Manipulating the pitch of synth drums, particularly toms, can throw up all sorts of interesting sounds. Route velocity to pitch or select alternative (non-chromatic) tuning scales. Sometimes you’ll want your toms to behave with ‘regular’ synth tuning, but sometimes you won’t.

2. Looking for the perfect kick

How do you choose the ‘perfect’ kick drum for your track? You might be seduced by the first sound you audition that seems to provide the requisite amount of welly and thwack, but it’s worth being more considered in your choices - two specific areas, in particular.

First, look to design a kick that lets you accurately map its pitch from the moment it starts, all the way through to the end of its decay, with multiple envelope breakpoints. Each stage of its pitch evolution will then be ‘pinned’ by notes relating to the chords of the track.

Second, adjust the kick’s length to ensure that whilst each hit produces a weighty thump, its decay doesn’t last long enough to suck clarity from the mix. You’re looking for punch, of course, but also a kick that knows when to be stay out of the way. Other ‘low’ mix elements, such as the bassline, will thank you for the extra space.

3. Keep it unreal

Don’t program different drum patterns in every bar if you’re after a classic drum machine sound. With classic drum synth sounds, the ‘human’ approach a real drummer might employ (with flams, fills and tricks aplenty) rarely yields great results. 

4. Shape sounds with multiple envelopes

As you’ll quickly discover, a huge part of drum and percussion synth programming comes down to envelope shaping. Using multiple envelopes offers a real advantage, as it’s likely that you’ll want independent control over pitch (for a slight bend accompanying every hit), volume (usually a quick attack, decay to taste, no sustain and a short release) and filter. Even the tiniest adjustments to envelope parameters can make a substantial difference.

5. Maximum velocity

Do pay attention to velocity values when using classic drum machine samples. Sometimes the most authentic results come from setting all velocities to the same value, or limiting choice to three values: loud, medium and soft.

6. Create synth drum kits

Creating drum and percussion sounds with synthesisers is fun and creative, but for playing your sounds back and having ready access to them in future projects, loading multiple synth sounds can be a bit unwieldy.

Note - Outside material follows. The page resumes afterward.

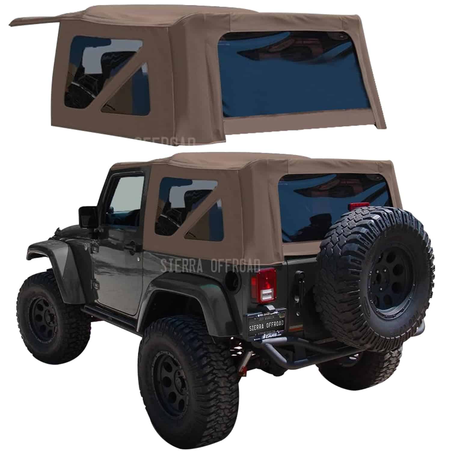 (FABRIC ONLY) Sierra Offroad Soft Top for 2010 to 2018 Jeep Wrangler JK – Saddle, Sailcloth Vinyl – 2 Door Jeep Soft Top with Rear Plastic Tinted Windows – Factory Precision Fit Replacement – No Upper Door Skins
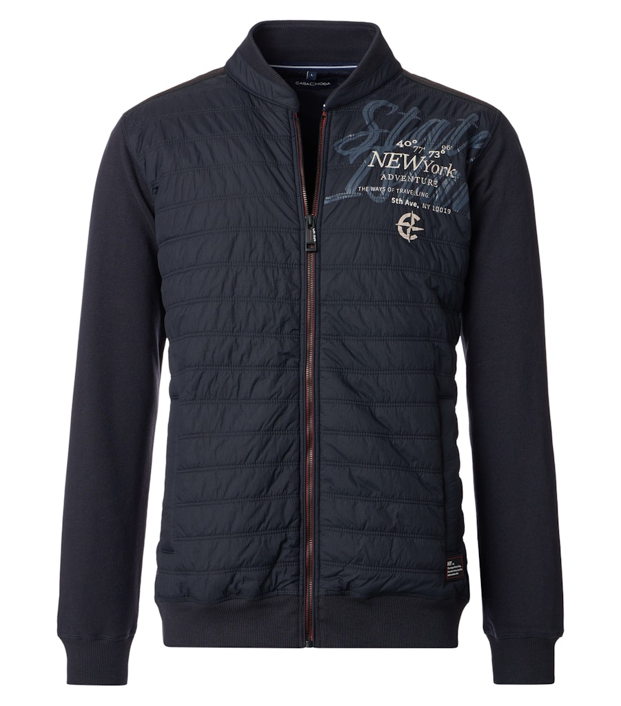 Vest van Casa Moda met een gewatteerde voorzijde, lange mouwen, opstaande kraag, ritssluiting, print op de linkerborst, twee steekzakken en ribgebreide boorden.

This is particularly true if your drum sounds ‘right’ on just one specific key. It’s worth, then, collating your synth kits in your sampler or playback engine of choice by building your own sampled drum machine. Dedicated sampling drum machines like NI’s Maschine are great for this purpose.

7. No limits

Don’t limit yourself to synth programming alone. Use effects processing, audio editing and re-sampling techniques to take your synthesised drum and percussion sounds further.

8. Consider your filter options

Don’t underestimate the role that your choice of filter type can play in the shaping of synth drum sounds. The core of a tom sound, for example, in its early stages is not so very different from that of a synth kick drum. But while synth toms benefit from band-pass or high-pass filtering to remove the lowest frequencies, those are exactly the ones you’d want to preserve when making a synth kick. With only a white noise generator, you could design a snare or a hi-hat, the only differences between them being amp decay time and filter type.

9. Make synth toms

As mentioned above, classic synth toms have a lot in common with synth kick drums. As a starting point, use triangle waves, either as single-oscillator sounds or stacked in octaves. A pitch envelope can ‘bend’ the start of each note, while amp envelopes can be longer than they might be for kicks during the decay phase. The most critical difference between toms and kick drums comes down to how their tone is manipulated: kicks always need low-end punch, but scooping some of that out can help define a sound as a tom.